The red, white and blue balloons tethered to the backs of chairs and table legs made the lounge on the first floor of Stewart Pines Senior Apartments look decked out for an Independence Day party.

But the large group gathered there weren’t craning their necks to see a band playing patriotic music. Instead, everyone was waiting for birthday girl Laura Cisco.

“She’s turning 102,” said 6-year-old Demileiana Bolden, who walked Cisco from her apartment into the banquet area. “I know how to count to 102, but it’s a lot of numbers.”

Yes, it’s a lot of numbers. But those numbers don’t hold back Cisco, who stands about as tall as her young escort.

“She won’t let me do anything,” said Vanquisha McKie, Cisco’s personal care assistant. “The only time she lets me do my job description is when her arthritis is acting up.”

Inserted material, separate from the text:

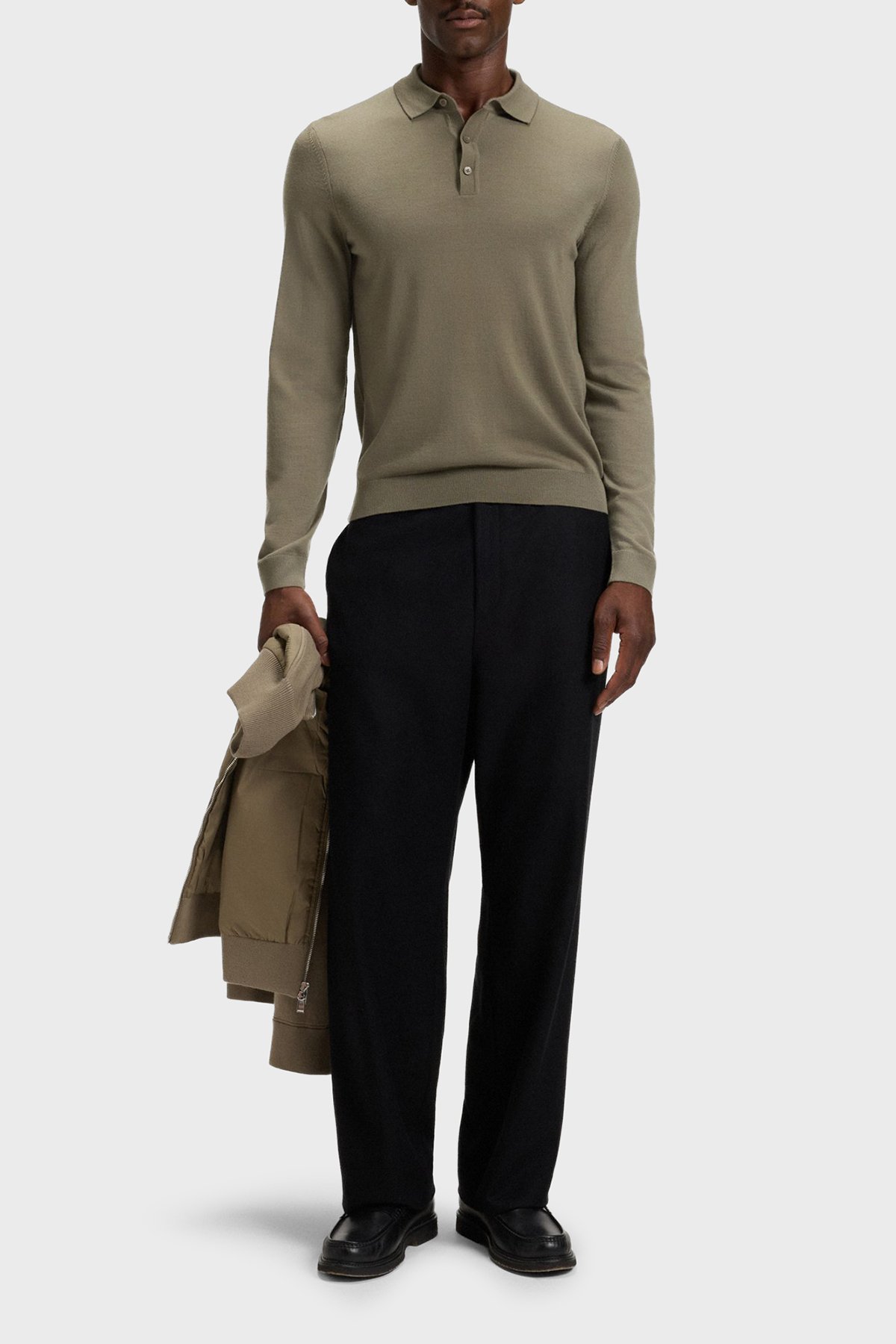 Yünlü Regular Fit Düğmeli Erkek Polo Yaka Kazak 50476357 245 HAKİ
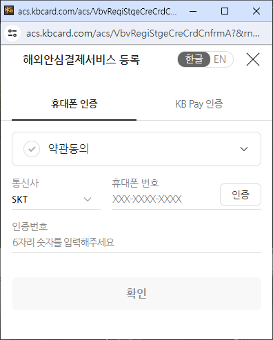 휴대폰 인증과 KB Pay 인증 중 편한 방법으로 인증을 시도합니다.

Arthritis may be a bit of an obstacle for the centenarian, but it doesn’t keep her from spending time with her five great-grandchildren and six great-great-grandchildren — or even from pursuing education for herself and others.

Cisco recently enrolled in a Spanish class at a community college and has offered to give piano lessons to children in her church, including Demileiana.

Born in the Deep South, Cisco spent her childhood in a society where no one had telephones, where very few drove cars and where black people like her had to drink from water fountains separate from white people.

“I was born in the country, 40 miles outside of Jackson, Miss.,” Cisco said. “And I don’t regret being brought up where I was. But if you were black, you had to stay in your place.”

Cisco was one of six children and was raised on her family’s farm, where they grew corn and cotton and raised chickens and cows.

“My grandfather bought 600 acres of land when he got out of slavery,” Cisco said. “He bought 600 acres for $6 an acre.”

When Cisco was in her teens, she went to work at the home of a local police chief. She cooked, cleaned and cared for the family’s children seven days a week.

“I came in at 7 in the morning and worked until 5:30 at night,” she said.

Despite the long hours, her weekly pay was slim.

“I got $2 and a quarter,” Cisco said.

That’s less than a penny an hour.

However, low pay wasn’t Cisco’s main worry. Racism and the Ku Klux Klan were prevalent across Mississippi, and Cisco saw the Klan’s inner workings up close.

“On Thursdays, I had to stay until 10 at night because Thursday nights the Ku Klux Klan would come to the police chief’s house,” Cisco said. “They’d be in a room, but I’d pull up close and lean my ear towards the door so I could hear them.”

After meeting people from all walks of life and spending more than eight decades in the thick Southern humidity, Cisco followed her daughter west to Las Vegas, and this drier and even hotter city became home.

“Las Vegas is wonderful. I don’t have a single complaint,” Cisco said. “When I came here, people didn’t see black or white; they just saw the person.”

Cisco said she has always felt welcomed, appreciated and respected in Nevada. She has never “been rejected from any stores or turned away by any people.”

She has been embracing the mentality of the city and hopes to continue to spread this inclusive feeling across her community.

“Now I’m determined to be an example for all other women — black, white, Spanish, whatever,” Cisco said. “I want to show that we are all humans and that’s all that matters.”